The modern Indian art movement in Indian painting is considered to have begun in Calcutta in the late nineteenth century. The old traditions of painting had more or less died out in Bengal and new schools of art were started by the British. Initially, protagonists of Indian art such as Raja Ravi Varma drew on Western traditions and techniques including oil paint and easel painting. A reaction to the Western influence led to a revival in primitivism, called as the Bengal school of art, which drew from the rich cultural heritage of India. It was succeeded by the Santiniketan school, led by Rabindranath Tagore's harking back to idyllic rural folk and rural life.

==British art schools==
Oil and easel painting in India began in the starting of eighteenth century, which saw many European artists, such as Johann Zoffany, Tilly Kettle, William Hodges, Thomas Daniell and William Daniell, Joshua Reynolds, Emily Eden and George Chinnery coming to India in search of fame and fortune. The courts of the princely states of India were an important draw for European artists due to their patronage of the visual and performing arts, and also their need for European-style portraits.

The merchants of the East India Company provided a large market for native art. A distinct genre developed of watercolour painting on paper and mica in the later half of the 18th century depicting scenes of everyday life, regalia of princely courts, and native festivities and rituals.
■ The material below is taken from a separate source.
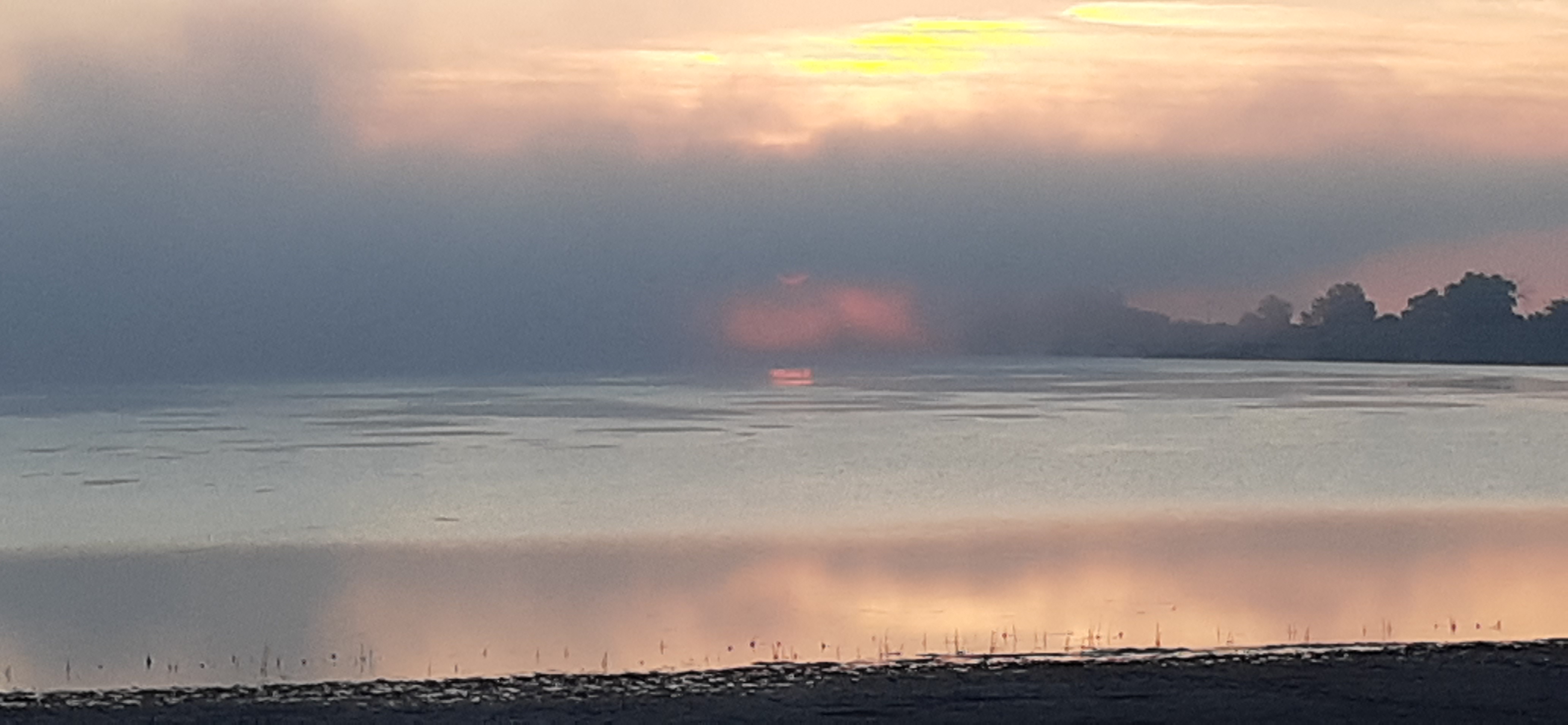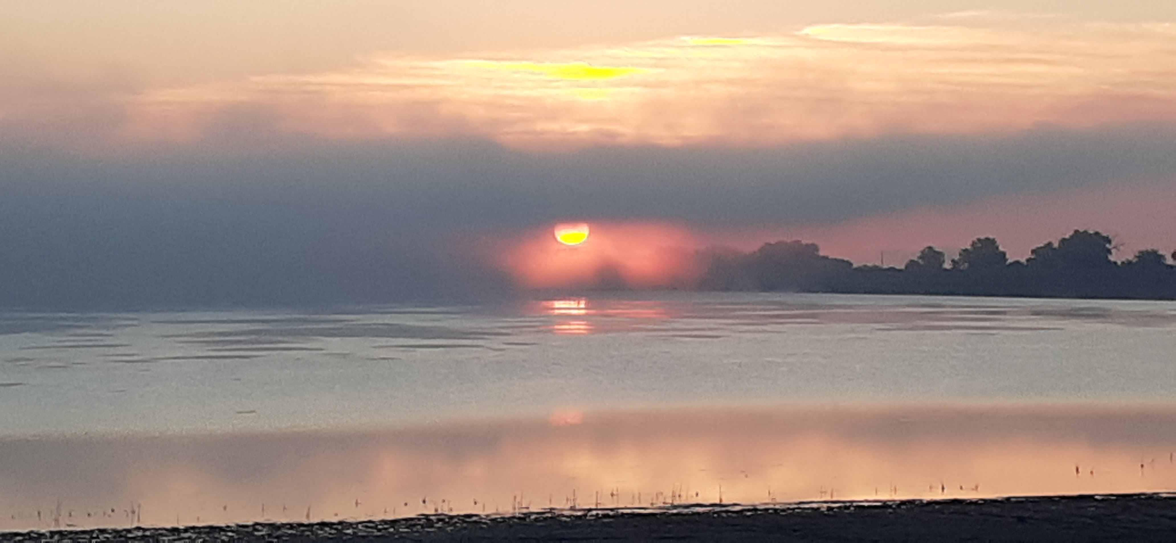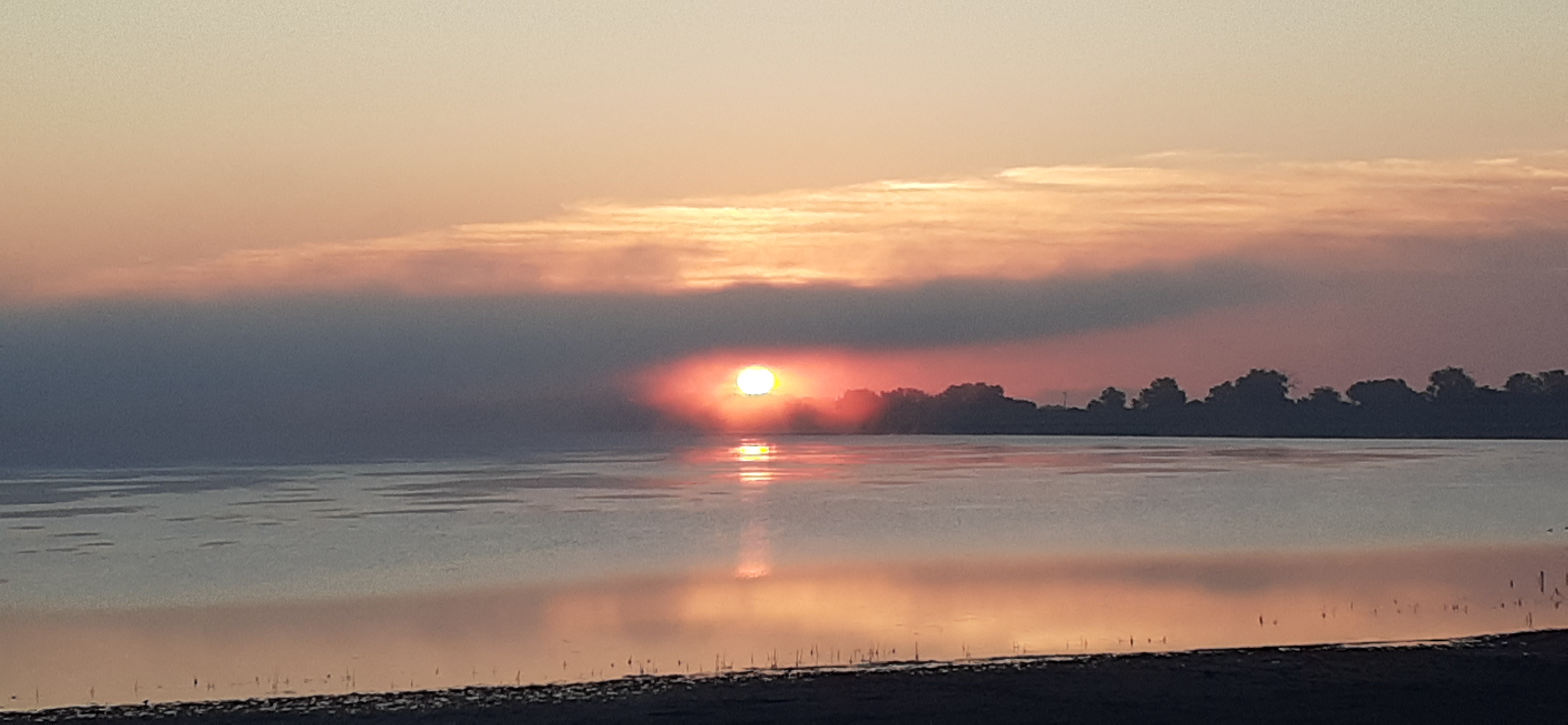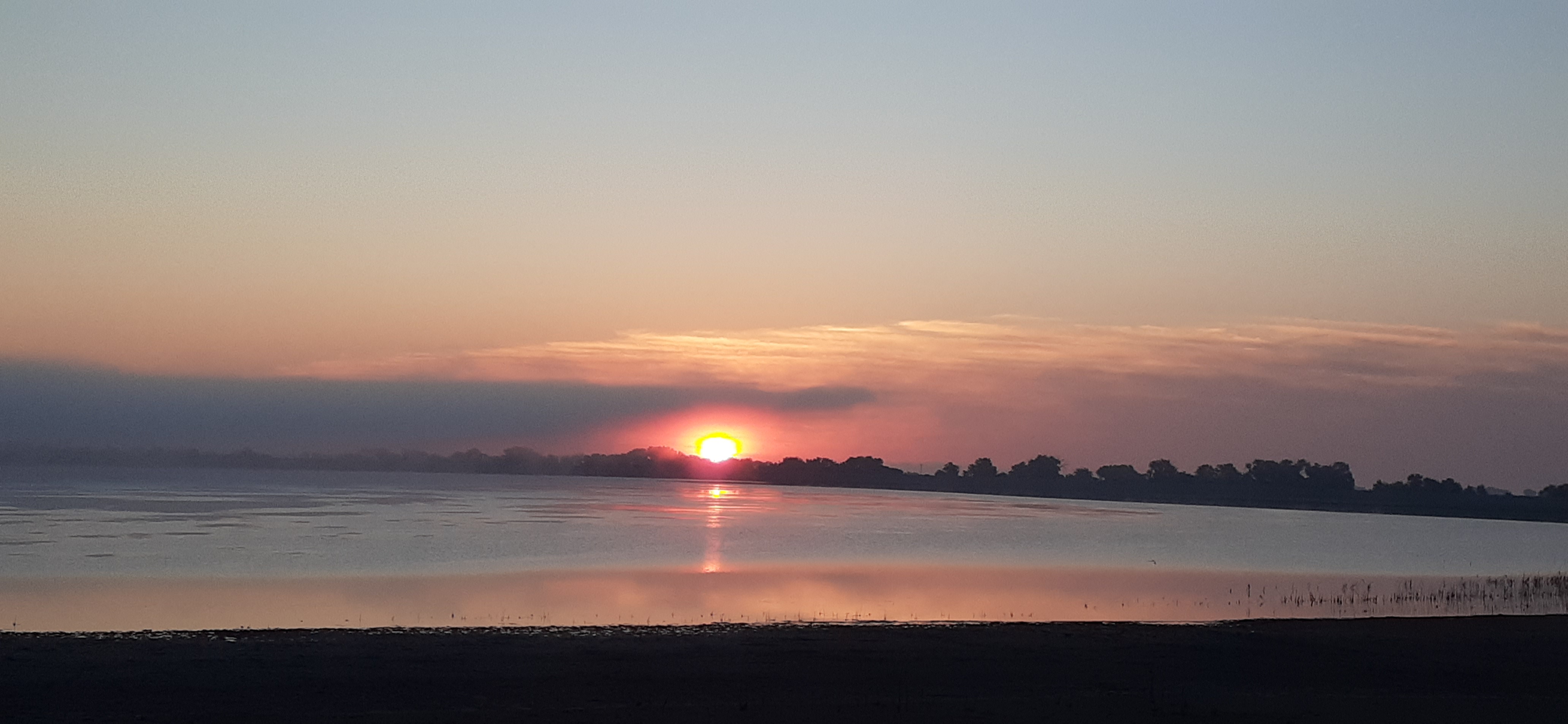 I expected a partially clouded sunrise over the low lake, instead I watched a fog shadowing the sunrise playout in a spectacular drama of moisture eclipsing the sun, then burning off of the prairie.

Referred to as the "company style" or "Patna style", it flourished at first in Murshidabad and spread to other cities of British suzerainty. The style is considered by authorities to be "of hybrid style and undistinguished quality".

After 1857, John Griffiths and John Lockwood Kipling (father of Rudyard Kipling) came out to India together. Griffith went on to head the Sir J. J. School of Art and was considered as one of the finest Victorian painters to come to India. Kipling went on to head both the J. J. School of Art and the Mayo School of Arts established in Lahore in 1878.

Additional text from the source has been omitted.